Viruses are ubiquitous parasites of all cellular life forms. As a group, they are united by their intracellular reproduction and reliance on the host cell translation system, but not necessarily by common origin [1
]. Indeed, not a single gene is represented in the genomes of all known viruses, although a small group of ‘viral hallmark genes’ encoding some of the key proteins involved in genome replication and virion structure formation are shared by extremely diverse subsets of viruses [2
]. Thus, viruses as a class of biological agents are not monophyletic, at least not within the traditional concept of monophyly. Nevertheless, several large groups of viruses infecting diverse hosts do appear to share common ancestry in the strict sense – that is, to have evolved from a single ancestral virus – which is indicated by the conservation of sets of genes encoding proteins responsible for many functions essential for virus reproduction.

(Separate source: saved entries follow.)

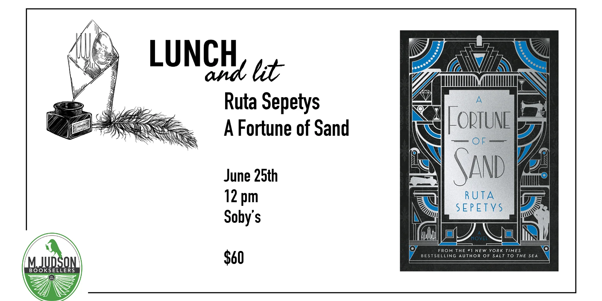 The daughter of an automotive magnate escapes to an artistic retreat that holds more secrets—and more intrigue—than she could have ever imagined, in this Prohibition-era novel from the #1 New York Times bestselling author of Salt to the Sea. If you love Fiona Davis and Marie Benedict, you do not want to miss Lunch & Lit with Ruta Sepetys for A Fortune of Sand! REVIEWS: “Ruta Sepetys is a literary citizen of the highest order, a true friend to readers, writers, and booksellers. Her books are moving, fascinating, and meticulously researched. She makes history live in order that we may learn from it.”—Ann Patchett, #1 New York Times bestselling author of Tom Lake “Sepetys beautifully captures the madcap days of Prohibition in the Detroit suburbs, centered around the wealthy Lennox clan. Underneath the gilt, however, cracks abound, inspired by real-life events of the time and uncovered through Sepetys’s impeccable research. A heady exploration of women’s agency, as well as a killer romance and a beguiling mystery. Wildly entertaining.”—Fiona Davis, New York Times bestselling author of The Stolen Queen “Enthralling . . . While history is often molded by those in power, there are always those who can wrest control and write a new story of their own. A Fortune of Sand should be required reading.”—Marie Benedict, New York Times bestselling co-author of The Personal Librarian and The First Ladies “I’ve been waiting for this day for years . . . at long last, Ruta Sepetys has given us an adult novel! Set in Prohibition-era Detroit, A Fortune of Sand is inspired by the documented lives of the nouveau riche automotive dynasties and the undocumented stories of the infamous Eloise Asylum. As a seasoned historical novelist, Sepetys knows gold when she finds it, and this book sparkles! For readers seeking the glamour of The Great Gatsby with the mystery of an Agatha Christie novel, A Fortune of Sand is for you.”—Sarah McCoy, New York Times bestselling author of Whatever Happened to Lori Lovely? ABOUT THE AUTHOR: Ruta Sepetys is an internationally acclaimed, #1 New York Times bestselling author of historical fiction published in over sixty countries and forty languages. Winner of the Carnegie Medal and honored by the American Academy of Arts and Letters, Ruta gives voice to underrepresented history and those who experienced it. She has been invited to present at NATO, European Parliament, the U.S. Capitol, the Library of Congress, and embassies worldwide. Ruta alternates her time between the hills of Tennessee and the flats of Florida. Never been to Lunch & Lit? Your ticket includes entry to the event, a three course meal from Soby’s, and a signed copy of the featured book.
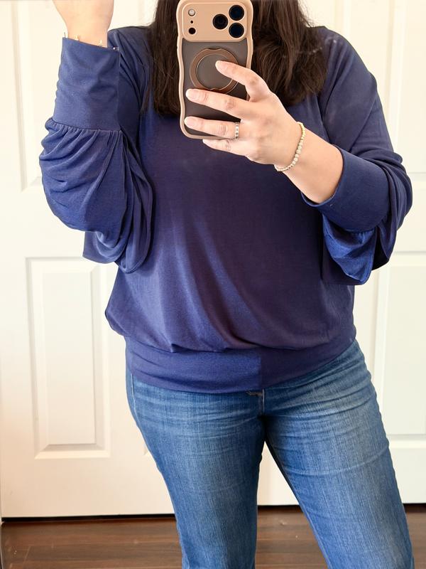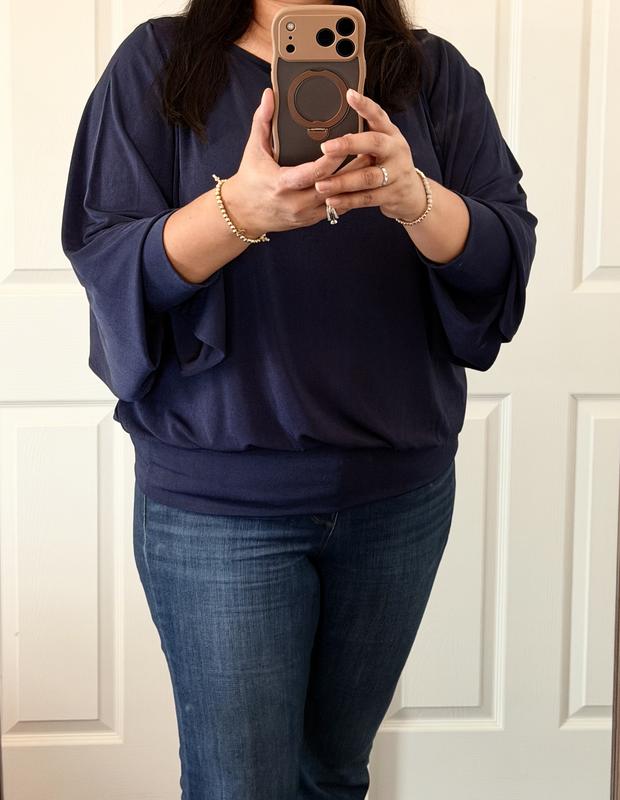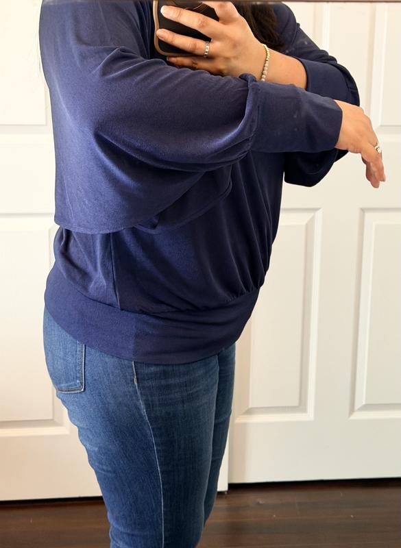 Nice top in a true navy blue. It has just enough room and a flattering fall that nicely covers the belly area — definitely a plus! The material didn’t impress me at first, but once I tried it on, I really liked it. It’s not see-through, and because it has a bit of weight to it, it drapes beautifully. The slits on the arms are there, but you can hardly notice them. The openings are long yet very discreet — nothing shows, and the sleeves stay perfectly in place without flapping around. Overall, a very nice piece!
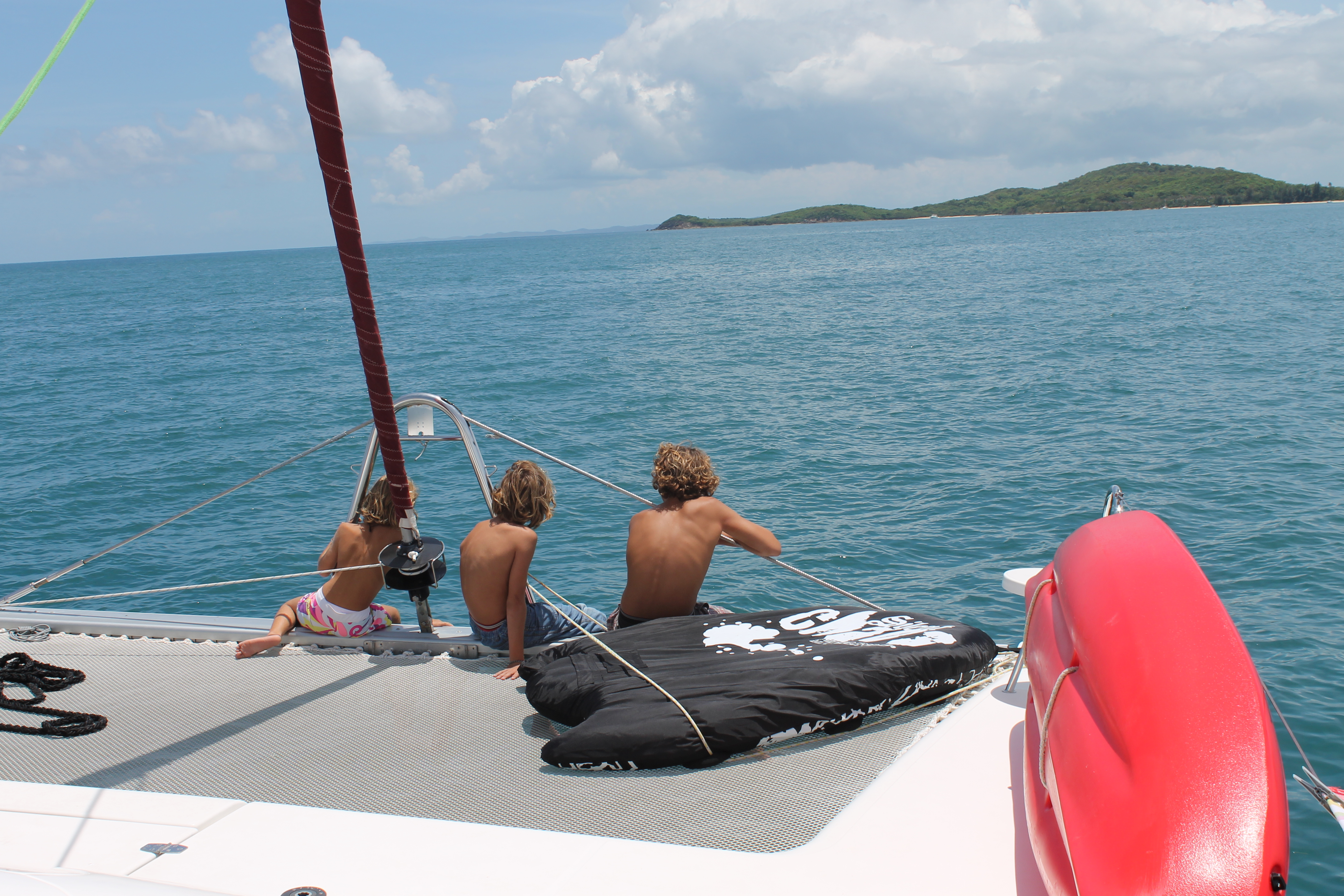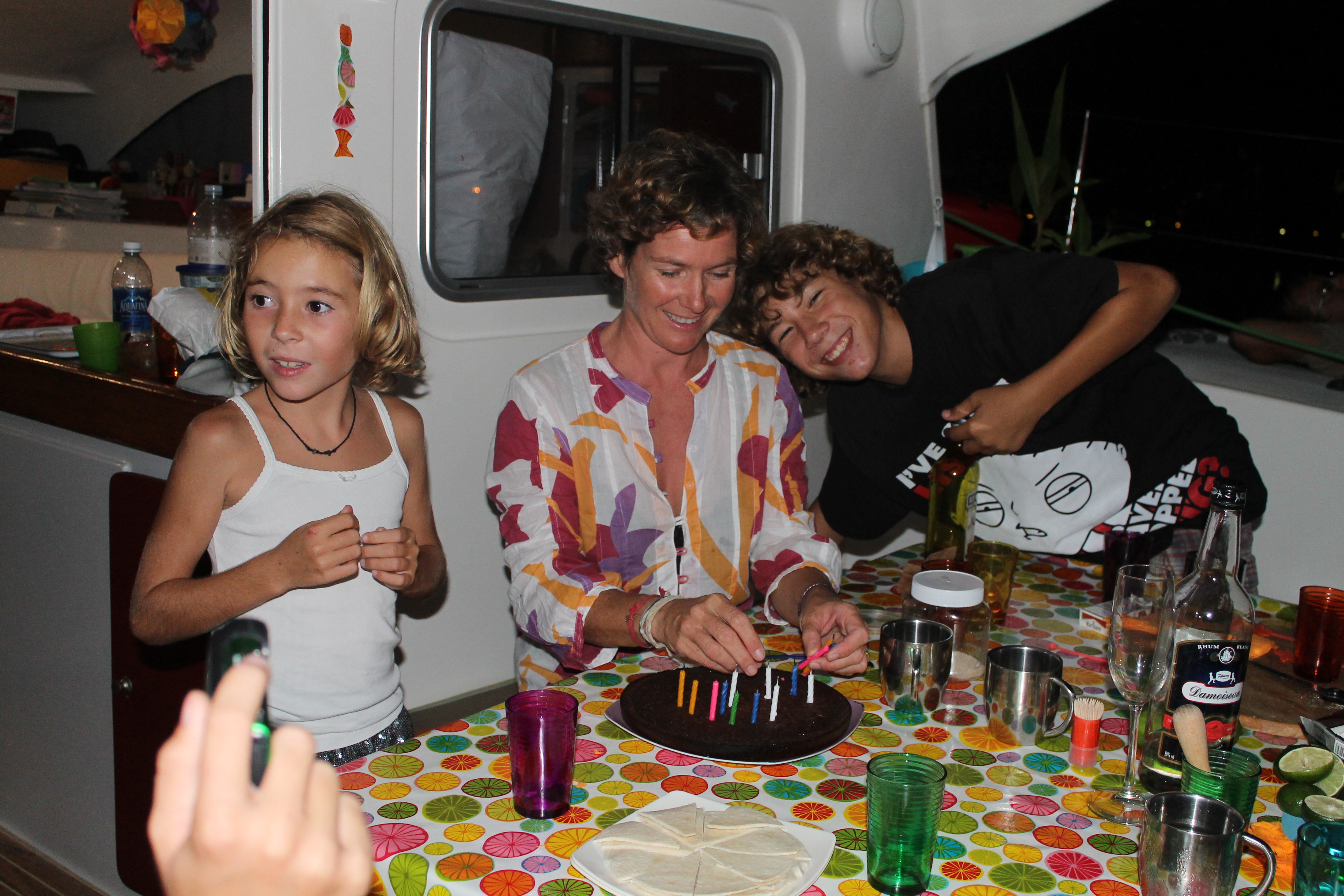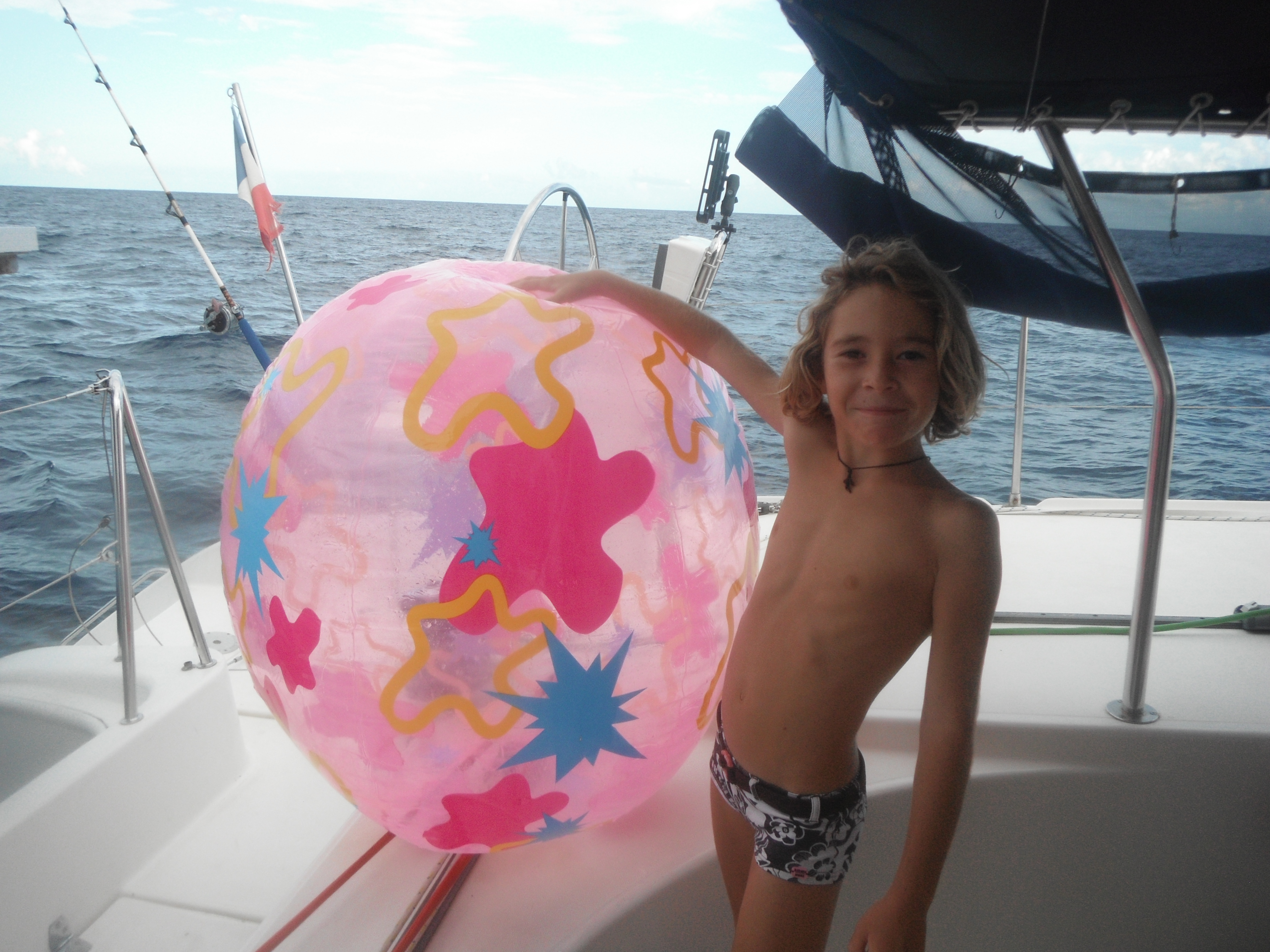 La difficulté d’un voyage en bateau n’est pas toujours là où on s’y attend le plus. Pâques nous a ainsi un peu surpris. Malgré leur âge déjà bien avancé, les enfants n’ont pas l’air de vouloir sacrifier au traditionnel passage des cloches… A force d’entendre Marin et Juju délirer en prévision de cette fête, nous nous motivons finalement pour aider les cloches à trouver le bateau. Ce qui est d’autant plus courageux qu’aux aurores nous sommes encore bien fatigués de la veille… Mais on ne veut surtout pas que la liste de nos méfaits parentaux s’allonge encore. En l’absence de chocolat, l’expérience gourmande est inédite (« sour gums » et autres découvertes étranges) mais fait bien des heureux. D’autant que les grosses cloches ont aussi apporté une bouée à trainer derrière l’annexe, le rêve !

One of the most expansive apparently monophyletic viral divisions currently includes six families of eukaryotic viruses with large DNA genomes that are collectively denoted nucleo-cytoplasmic large DNA viruses (NCLDV; table ) [4
]. The best known of these viral families, Poxviridae, is a large assemblage of animal viruses that includes a major human pathogen, the smallpox virus, important animal pathogens, such as rabbit myxoma virus, as well as vaccinia virus, one of the best characterized models of molecular biology [6
]. Another family of the NCLDV that recently became the focus of much attention and fascination is the Mimiviridae, which so far includes two closely related giant viruses isolated from Acanthamoeba – Mimivirus and Mamavirus. With their genomes being slightly larger than 1 megabase, these viruses are undisputed genome size record holders in the virosphere, exceed numerous parasitic bacteria, and approach the genome size of the simplest free-living prokaryotes [9
The NCLDV infect animals and diverse unicellular eukaryotes, and either replicate exclusively in the cytoplasm of the host cells, or possess both cytoplasmic and nuclear stages in their life cycle (table ). The NCLDV typically do not strongly depend on the host replication or transcription systems for completing their replication [6
]. In line with this relative independence of virus reproduction from the host cell functions (apart from translation, of course), the NCLDV encode several conserved proteins that mediate most of the processes essential for viral reproduction. These key proteins include DNA polymerases, helicases and primases responsible for DNA replication, Holliday junction resolvases and topoisomerases involved in genome DNA processing and maturation, transcription factors that function in transcription initiation and elongation, ATPase pumps mediating DNA packaging, chaperones involved in capsid assembly, and capsid proteins themselves [4
]. Although several viral hallmark genes [3
] are shared by NCLDV and other large DNA viruses, such as herpesviruses and baculoviruses, the conservation of the entire set of core genes clearly demarcates the NCLDV as a distinct class of viruses [5
Recently, a novel giant virus, denoted Marseillevirus, has been isolated from Acanthamoeba. Genome analysis of Marseillevirus indicated that it represents a putative new family of NCLDV that appears to be distantly related to iridoviruses and ascoviruses [16
]. In addition, comparative genomic analysis revealed probable gene exchange between Marseillevirus and Mimiviruses, an observation that suggests a role of amoeba as a ‘melting pot’ of giant virus evolution.
We performed a new comparison of the updated collection of NCLDV genomes and constructed clusters of orthologous NCLDV genes (NCVOGs), 177 of which were represented in two or more viral families [15
]. The NCVOGs were employed for phylogenetic analysis and for reconstruction of the ancestral viral gene set. Here we review the results of these analyses in the context of the origin and evolution of the NCLDV, and attempt to decipher the origins of the NCLDV genes that are mapped to the last common ancestral virus.